In June 1941 the division joined Operation Barbarossa under Army Group North as an element of the 16th Army. It took part in Army Group North's capture of the Latvian city of Daugavpils, sweeping north-eastward to Leningrad where it was finally stopped in its tracks during the siege effort. During the early months of 1942, the II Army Corps was subject to a Soviet counteroffensive to relieve Leningrad, resulting in five army divisions (the 12th, included) and the SS-Totenkopf division being encircled along with several other elements of the 16th Army in the Demyansk Pocket. With support from Hermann Göring, planes containing supplies were flown in to aid the divisions while they were in the pocket for some 81 days between 8 February and 20 March. Göring would later gloat about his success in freeing the pocket during the Battle of Stalingrad later that year when a similar airlift concept was applied. While liberated, the 12th Infantry had left the pocket in a much-weakened state.

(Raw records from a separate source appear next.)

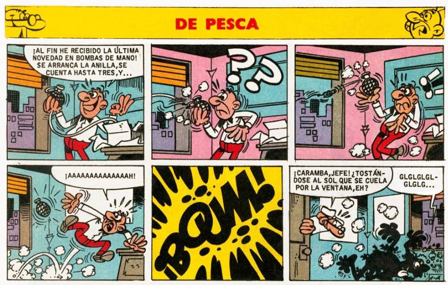 Mortadelo se pirra por la pesca y siempre que encuentra un hueco libre aprovecha para irse a pescar. El problema es que la caña y los aparejos de pescar de Mortadelo resultarán tremendamente peligrosos para su jefe, Filemón.
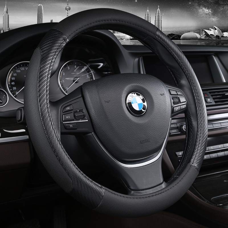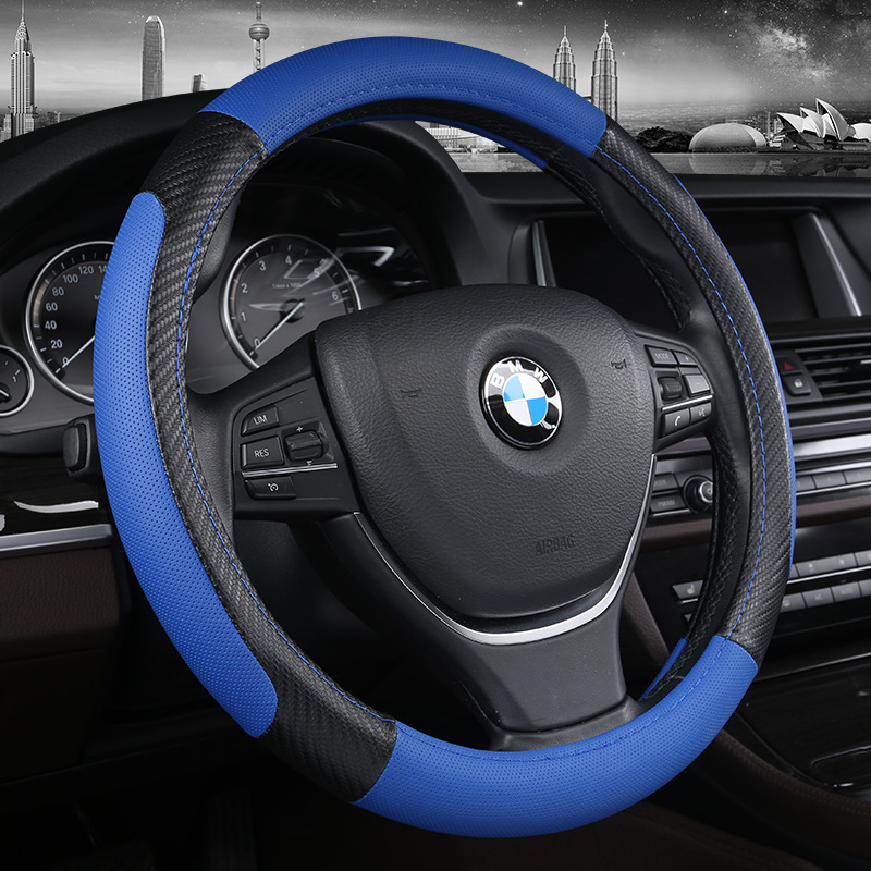 크로스 보더 뉴 카 스티어링 휠 커버 2 색 스티칭 미끄럼 방지 통기성 가죽 탄소 섬유 4 계절 자동차 핸들 커버 도매스토어 가기
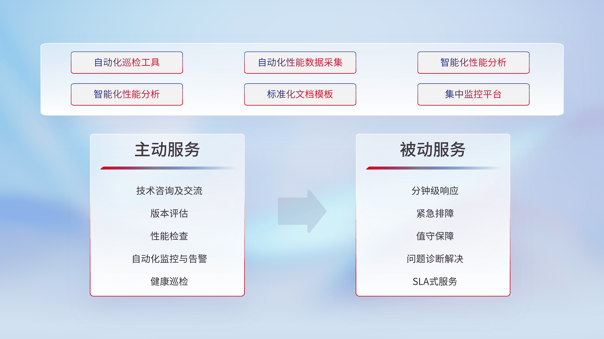 智能化工具和标准化文档,,,保障服务质量,,,,提供主动服务(包含技术咨询、、版本评估、、、性能检查、、、自动化监控与告警、、、健康巡检)和被动服务包含(分钟级响应、、紧急排障、、、值守保障、、问题诊断解决、、、SLA服务)。。。
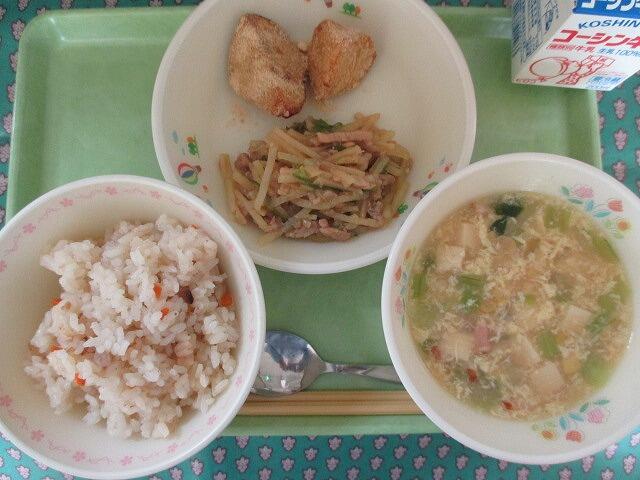 6月19日 牛乳 中華風炊き込みご飯 豚肉と野菜のオイスター炒め あべかわさつま芋(2個) 中華卵コーンスープ
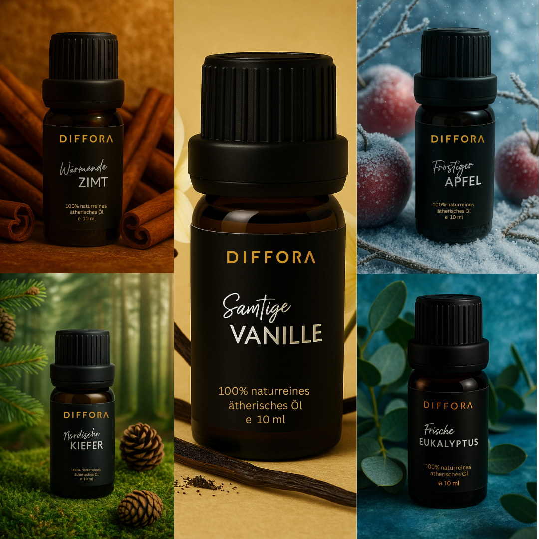 Tauche ein in die Welt hochwertiger, naturreiner ätherischer Öle. Jedes Öl entfaltet seinen eigenen Charakter, von wärmend und beruhigend bis erfrischend und belebend. Perfekt für dein Zuhause, deine Wellnessroutine oder als Geschenk für besondere Menschen.

In 1943, with the German Army on the retreat, the division fought in the Belarusian city of Vitebsk. This resulting deterioration of effectiveness led to its capitulation during the Soviets' Summer Offensive in June 1944, soon after Army Group Centre's collapse in Operation Bagration. Some of the division's men escaped capture; its commanding officer Lieutenant General Rudolf Bamler, who had been in command for only a few weeks, was also captured, but later chose to work for the Soviets. Two groups were able to break out and return to German lines before the destruction of the division. Remnants of the Grenadier Regiment 48 commanded by Hauptmann Siegfried Moldenhauser would escape through a corridor east and evade Soviet forces until they reached Polykowischi where Major Osterhold formed a Kampfgruppe which broke out to German lines west. The second group, 1st Battalion, Fusilier Regiment 27. commanded by Major Heinz-Georg Lemm would break through Russian lines 3 kilometers west of Mogilev and from there they would move north of Berezino where they would cross the Berezina river.

===Re-activation===
The division was re-activated in September 1944, where it was sent to the newly created Western Front. Again placed under the command of Colonel Gerhard Engel, the division – at some point being redesignated the "12th Volksgrenadier Division" (German: 12. Volksgrenadier-division) – was at a strength of some 12,800 men. With Allied forces approaching the Siegfried Line, the division was made a line division against the Siegfried Line near Aachen. On September 15, elements of the division arrived at the command post of LXXXI Corps where; in the evening they were given orders by the 7th Army to continue the defence of Aachen and to launch a counterattack on the building Allied forces crossing the Ruhr, by first staging near Eschweiler. The following day, elements of the 9th Panzer Division were added to the 12th Volksgrenadier, which was now well-equipped – at least in comparison to other, starving divisions. It then proceeded to take command of the immediate area around Düren. A meeting between chiefs of staff of the 12th Volksgrenadier and the 9th Panzer Divisions took place on the evening to decide on how to plan their joint-attack on the river Mausbach set for the following day.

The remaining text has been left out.